- What is expected -
Text in the records must be reproduced exactly, and pictures must be skipped.
══ Records for the task
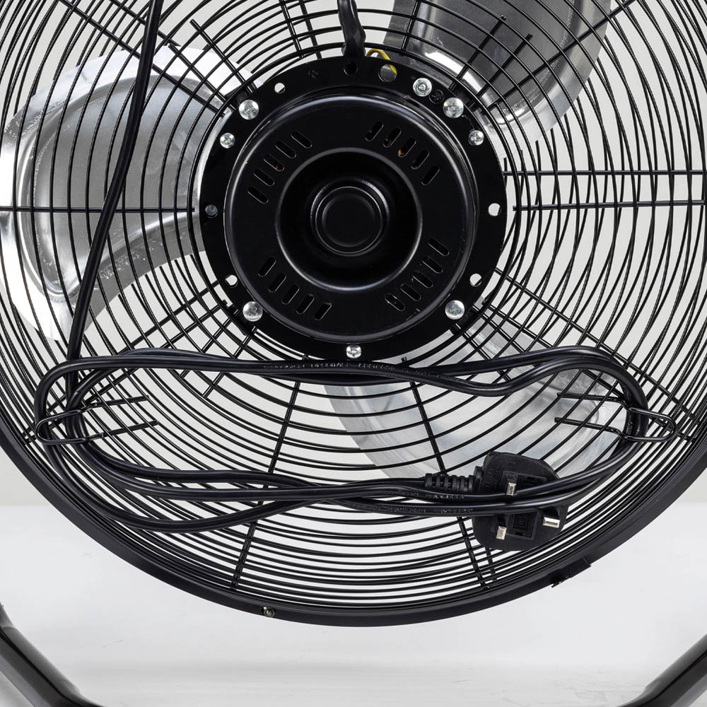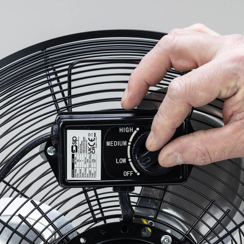 Keep cool with the SIP 16-inch heavy-duty floor fan. Its three-blade design delivers powerful airflow, ideal for circulating air and cooling various indoor spaces. The robust steel frame provides stability, while the tilting fan head lets you precisely direct the airflow. Enjoy three variable speed settings: 955rpm (low), 1111rpm (medium), and 1302rpm (high), all powered by a 75w motor. Safety is paramount; the blades are fully enclosed by a solid steel mesh guard. This fan comes with a two-year warranty for your peace of mind. Perfect for offices, workshops, or home use.
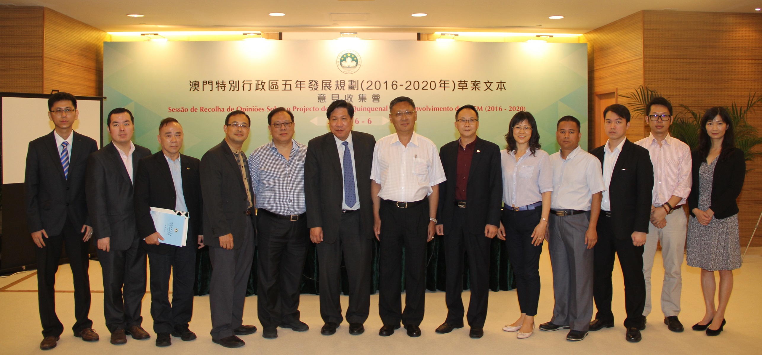 《澳門特區五年發展規劃(2016-2020年)草案文本》於4月26日公佈並展開為期兩個月的意見收集工作。專責本次意見收集工作的政策研究室今日(6月6日)上午於政策研究室舉行了地產及鄉誼社團專場的意見收集會。政策研究室主任劉本立、職務主管高展明及研究員連信森出席了意見收集會,並聽取了與會人士的意見。
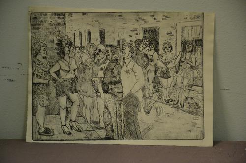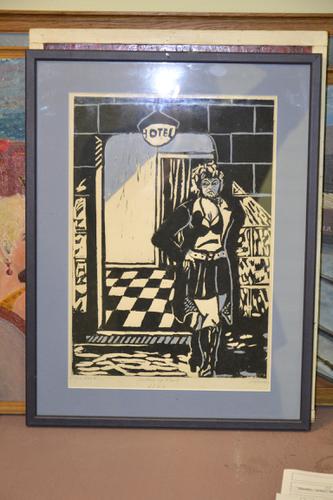 wachten op klant, lino, ingekleurd
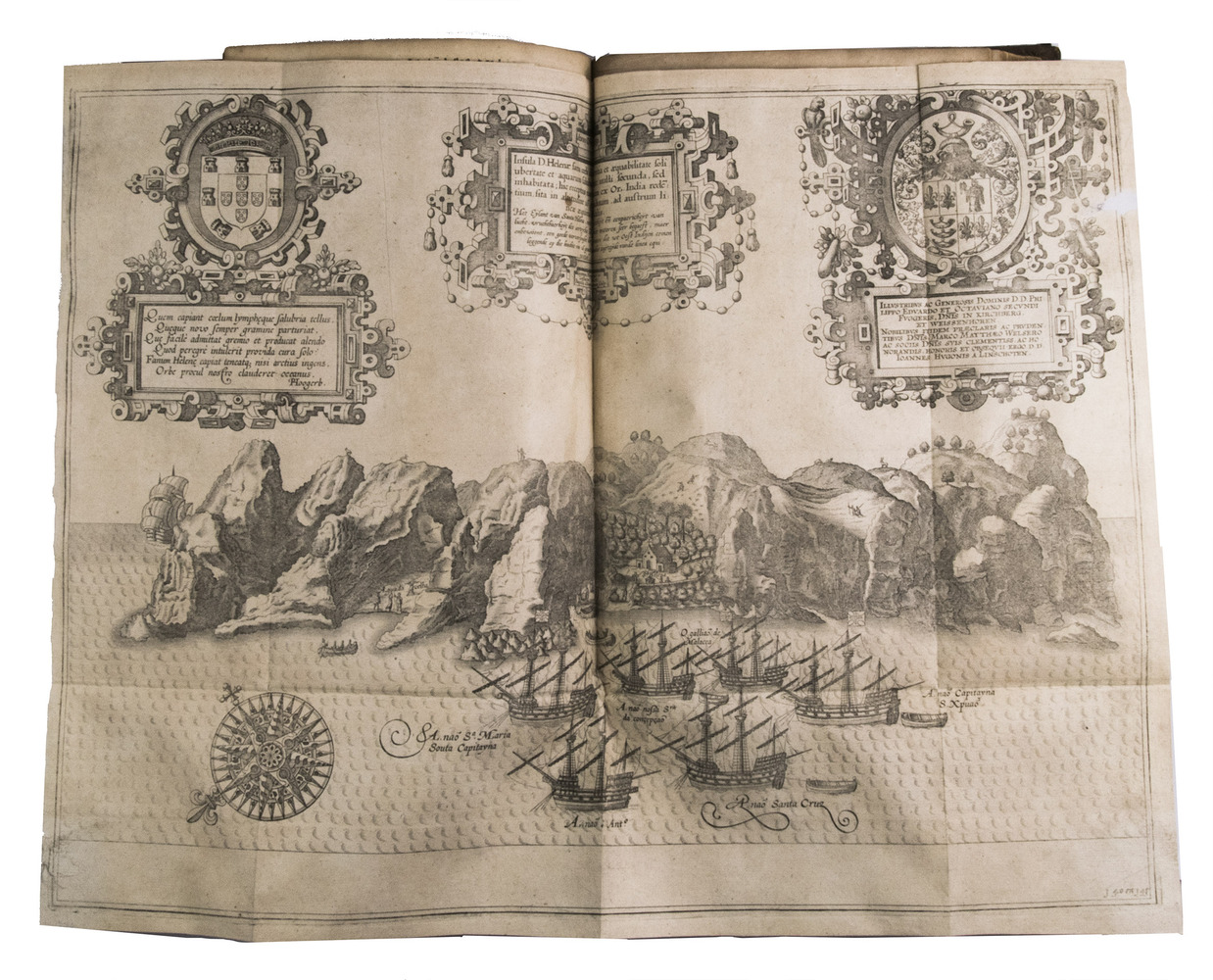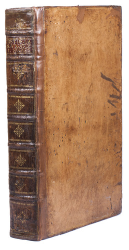 Amsterdam, Evert Cloppenburg, 1619. 3 works in 1 volume, the first in 2 parts. Folio (31 x 21 cm) With an engraved title page for each work, 42 engraved plates (31 double-page and 11 folding), including 6 maps, and a full-page portrait of the author within collation. Including: LINSCHOTEN, Jan Huyghen van. Le grand routier de mer, ...
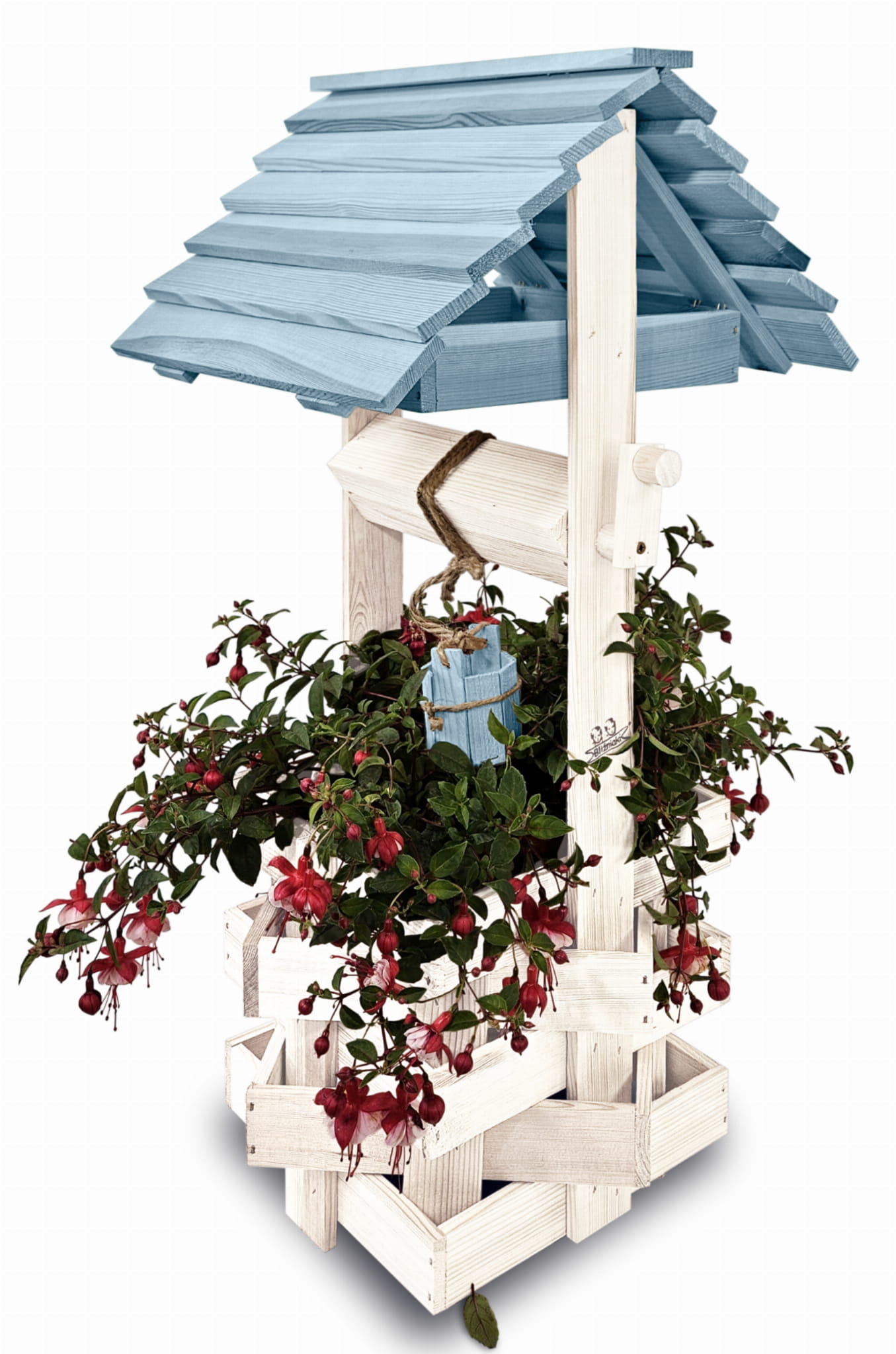 Ozdobna studnia drewniana do domu i ogrodu Studnia ogrodowa Studzienki ozdobne Doniczki Prezent Donica na kwiaty i pnącza Kolor PASTELOWY JASNY NIEBIESKI Studnie ogrodowe balkonowe OZDOBA WNĘTRZ I OGRODU Studzienka na pelargonie Kwietnik SC1 BI NBPP
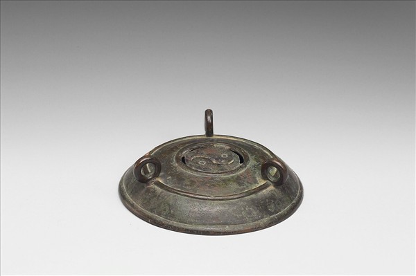 圓蓋,蓋面有三環耳捉手,蓋中央飾太極,外環弦紋。
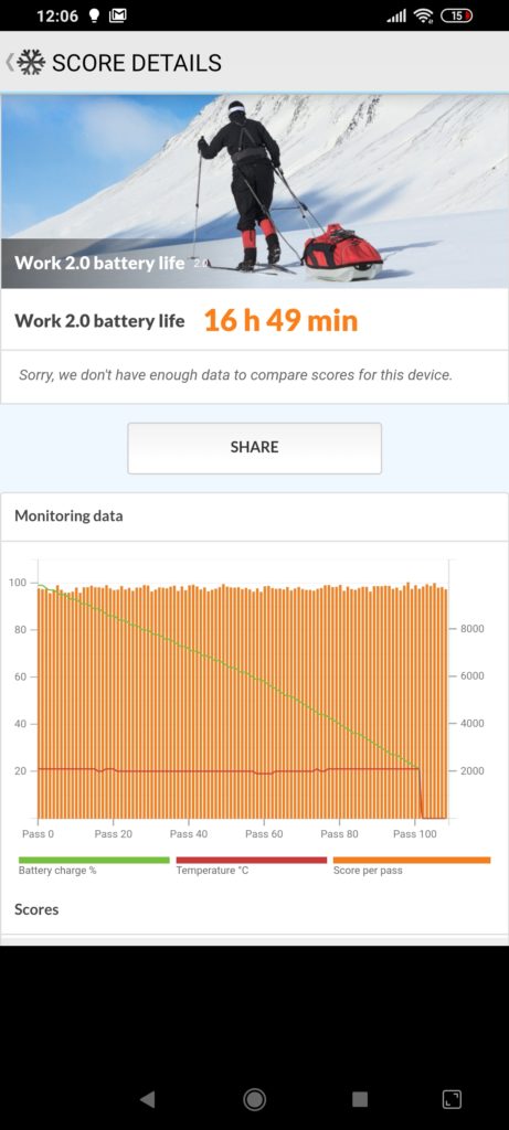Running the synthetic PC Mark Work 2.0 battery test, this scores and astronomical results with 16H and 49 mins giving me a 14h 13-minute screen on time.
════
- Completed task -
 Keep cool with the SIP 16-inch heavy-duty floor fan. Its three-blade design delivers powerful airflow, ideal for circulating air and cooling various indoor spaces. The robust steel frame provides stability, while the tilting fan head lets you precisely direct the airflow. Enjoy three variable speed settings: 955rpm (low), 1111rpm (medium), and 1302rpm (high), all powered by a 75w motor. Safety is paramount; the blades are fully enclosed by a solid steel mesh guard. This fan comes with a two-year warranty for your peace of mind. Perfect for offices, workshops, or home use.
 《澳門特區五年發展規劃(2016-2020年)草案文本》於4月26日公佈並展開為期兩個月的意見收集工作。專責本次意見收集工作的政策研究室今日(6月6日)上午於政策研究室舉行了地產及鄉誼社團專場的意見收集會。政策研究室主任劉本立、職務主管高展明及研究員連信森出席了意見收集會,並聽取了與會人士的意見。
 wachten op klant, lino, ingekleurd
 Amsterdam, Evert Cloppenburg, 1619. 3 works in 1 volume, the first in 2 parts. Folio (31 x 21 cm) With an engraved title page for each work, 42 engraved plates (31 double-page and 11 folding), including 6 maps, and a full-page portrait of the author within collation. Including: LINSCHOTEN, Jan Huyghen van. Le grand routier de mer, ...
 Ozdobna studnia drewniana do domu i ogrodu Studnia ogrodowa Studzienki ozdobne Doniczki Prezent Donica na kwiaty i pnącza Kolor PASTELOWY JASNY NIEBIESKI Studnie ogrodowe balkonowe OZDOBA WNĘTRZ I OGRODU Studzienka na pelargonie Kwietnik SC1 BI NBPP
 圓蓋,蓋面有三環耳捉手,蓋中央飾太極,外環弦紋。
Running the synthetic PC Mark Work 2.0 battery test, this scores and astronomical results with 16H and 49 mins giving me a 14h 13-minute screen on time.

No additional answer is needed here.